[TASK OBJECTIVE]: Please give the data again exactly, with no line dropped.

[AVAILABLE DATA]:
##########
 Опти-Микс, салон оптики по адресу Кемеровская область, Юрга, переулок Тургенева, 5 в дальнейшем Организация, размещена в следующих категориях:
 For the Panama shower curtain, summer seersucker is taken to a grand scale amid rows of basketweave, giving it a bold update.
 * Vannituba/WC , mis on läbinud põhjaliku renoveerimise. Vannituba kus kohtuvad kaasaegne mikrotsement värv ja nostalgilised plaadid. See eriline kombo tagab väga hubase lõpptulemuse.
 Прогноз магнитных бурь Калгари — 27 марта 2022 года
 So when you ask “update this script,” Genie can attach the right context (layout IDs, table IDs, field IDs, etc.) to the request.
##########
[SOLUTION]:
 Опти-Микс, салон оптики по адресу Кемеровская область, Юрга, переулок Тургенева, 5 в дальнейшем Организация, размещена в следующих категориях:
 For the Panama shower curtain, summer seersucker is taken to a grand scale amid rows of basketweave, giving it a bold update.
 * Vannituba/WC , mis on läbinud põhjaliku renoveerimise. Vannituba kus kohtuvad kaasaegne mikrotsement värv ja nostalgilised plaadid. See eriline kombo tagab väga hubase lõpptulemuse.
 Прогноз магнитных бурь Калгари — 27 марта 2022 года
 So when you ask “update this script,” Genie can attach the right context (layout IDs, table IDs, field IDs, etc.) to the request.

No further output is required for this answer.